Microsoft's Excel has been blamed for errors in academic papers on genomics.

Researchers trying to raise awareness of the issue claim that the spreadsheet software automatically converts the names of certain genes into dates.

Gene symbols like SEPT2 (Septin 2) were found to be altered to "September 2".

However, Microsoft, which released the first version of Excel in 1985, said the gene renaming errors can be overcome if users make alterations in the application settings.

"Excel is able to display data and text in many different ways.
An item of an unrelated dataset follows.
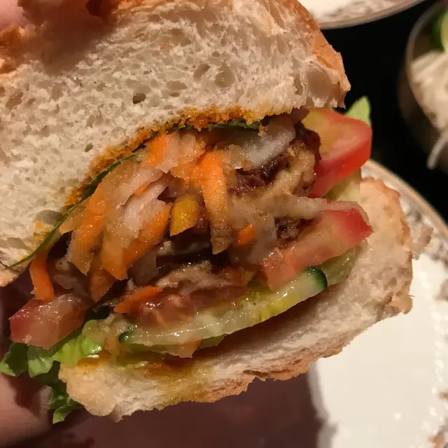 吾講吾知閣麟街呢幢比較舊的大廈開了一間幾有水準的越南餐廳,今日小妹又有口福了。 餐廳的裝修好吸睛,紅配黑好有格調,而傢私好grand 好classic , 牆上的幾幅壁畫令成間餐廳增添文藝高貴的感覺。 餐廳用的杯杯碟碟都好講究好別緻,睇黎老闆都係「完美主義者」的類型, 好的食物緊係要用精緻的餐具才可滿足食客的胃口呢! 我地幾個即興訂檯,好彩仲有位,不過要坐吧檯啦,可以見到入面open kitchen 廚師整野食的情況 , 廚房都好乾淨吾淩亂,大家可以放心食😝不過可能近廚房關係,一路食有一陣油煙味,空調都吹吾到去我的位置,呢度是唯一美中不足的地方。 我覺得呢度的appetizers 好好食,你知越南菜,好多都吾係煎就係炸, 火喉點到即止,先可以達到香口但又不會太重的油膩感。 身為雞翼控的我,點會少得呢個香茅蒜蓉雞翼! d 雞翼好大隻, 仲要係單骨,好貼心, 上檯後陣陣撲鼻的蒜蓉同牛油香令人食指大動! 炸蝦餅也是越南菜的表表者,呢度的蝦餅吾係講笑,真係好有蝦味好香,吾似得平時食開既溝左好多魚肉落去。越式鴨肝法包,係呢度的師傅誠意推介之一,就等小妹試下啦! 鴨肝入口即溶,新鮮的蕃茄同生菜中和了鴨肝的濃味感,食落一d 都吾滯, 一人一舊,份量剛好! 芒果軟殼蟹米紙卷睇得又食得,每舊大小相約,齊齊整整,薄薄的米紙包住清新的芒果肉和脆脆的軟殼蟹是一個perfect 的組合。 呢餐真係食到大家捧住個肚,視覺味覺嗅覺通通都滿足了,食得真開心! …查看更多

Default settings are intended to work in most day-to-day scenarios," a spokeswoman for the corporation told the BBC.

"Excel offers a wide range of options, which customers with specific needs can use to change the way their data is represented."

The study also claimed that the Excel conversion problem was present in other spreadsheet software, such as Apache OpenOffice Calc.

The systemic error was not, however, present in Google Sheets.

'One-fifth'

The researchers claimed the problem is present in "approximately one-fifth of papers" that collated data in Excel documents.

The trio, writing for the Melbourne-based academic institute Baker IDI, scanned 3,597 published scientific papers to conduct their study.

They found 704 of those papers contained gene name errors created by Excel.

Ewan Birney, director of the European Bioinformatics Institute, does not blame Excel and told the BBC: "What frustrates me is researchers are relying on Excel spreadsheets for clinical trials."

The Excel gene renaming issue has been known among the scientific community for more than a decade, Birney added.

He recommended that the program should only be considered for "lightweight scientific analysis".

'Time-consuming'

One of the paper's three researchers, Assam El-Osta, said the errors were found specifically on the supplemental data sheets of academic studies.

He told the BBC that supplemental pages contained "important supporting data, rich with information," and added that resolving these errors was "time-consuming".

Excel's automatic renaming of certain genes was first cited by the scientific community back in 2004, the Baker IDI study claims. Since then the problem has "increased at an annual rate of 15%" over the past five years.